Pontificia Universidad Católica de Chile Pontificia Universidad Católica de Chile
Jünemann R., Vásquez J.A., de la Llera J.C., Hube M. (2018). Three dimensional inelastic models to assess earthquake damage of reinforced concrete wall buildings. Proceedings of the 11th US National Conference on Earthquake Engineering, June 25-29, Los Angeles, USA. (2018)

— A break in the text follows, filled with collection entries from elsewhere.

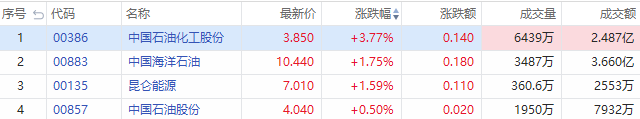 华盛资讯3月28日讯,港股油气股早盘走高,截至发稿,中国石油化工股份涨近4%,中国海洋石油涨近2%,昆仑能源涨超1%,中国石油股份跟涨。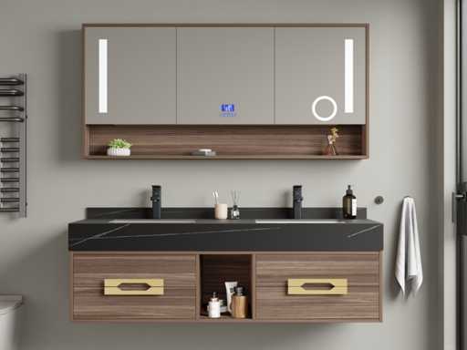 Type: MBY-315. Afmeting: 2-persoons set: 1 * Wastafelmeubel - 1500x550x550mm, 1 * Spiegel - ca. 1500x700mm. Voorzien van: Softclose lade systeem: 4 lades - Kranen inclusief pop-up drain - Spiegel met touchscreen LED-verlichting en anti-fog technologie - Voorgemonteerd wastafelmeubel.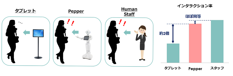 通行人約300人を対象に、キャンペーン内容に興味を持ってインタラクションされた方の割合を比較したところ、Pepperのエンゲージメントはタブレットの2倍、スタッフとほぼ変わらないという結果となりました。

Three dimensional inelastic models to assess earthquake damage of reinforced concrete wall buildings

Revista : Proceedings of the 11th US National Conference on Earthquake Engineering
Tipo de publicación : Conferencia No DCC

Abstract

A non-ductile failure has been observed in some reinforced concrete structural wall buildings during recent earthquakes in Chile and New Zealand. Although substantial experimental and analytical research has been conducted, several questions still remain about the behavior of structural walls and their 3D interaction with the rest of the structure. This article compares response results of two different inelastic finite element (FE) models in one real building in Santiago damaged during the 2010, Chile earthquake. In this structure, brittle behavior was localized in the first-basement and first-story. The first model is a 3D FE model developed in the software DIANA and uses 4-node shell elements. The inelastic behavior of concrete was modeled using the total strain rotating crack model, and reinforcement using an embedded formulation. The second model is also a 3D-linear elastic FE model of the building using ETABS, which combines an inelastic force-based fiber beam element (FFE) recently proposed for concrete walls, which includes regularization, steel buckling and fracture, and its complex cyclic behavior. Inelastic dynamic analyses were performed for both models considering different ground motions recorded relatively close to the building during the seismic event. Dynamic results from both models are analyzed and compared with damage observed during the earthquake. Additionally, a comparative analysis of each model is discussed herein. Results show that the observed damage pattern is accurately predicted by both analytical models at reasonable computational cost. Both models predict an important increase in axial load in the walls, which seems to be critical in producing the localized brittle flexural-compressive failure observed. Consequently, these models could be used in practice to assess the condition of existing structural wall buildings and propose effective retrofit strategies.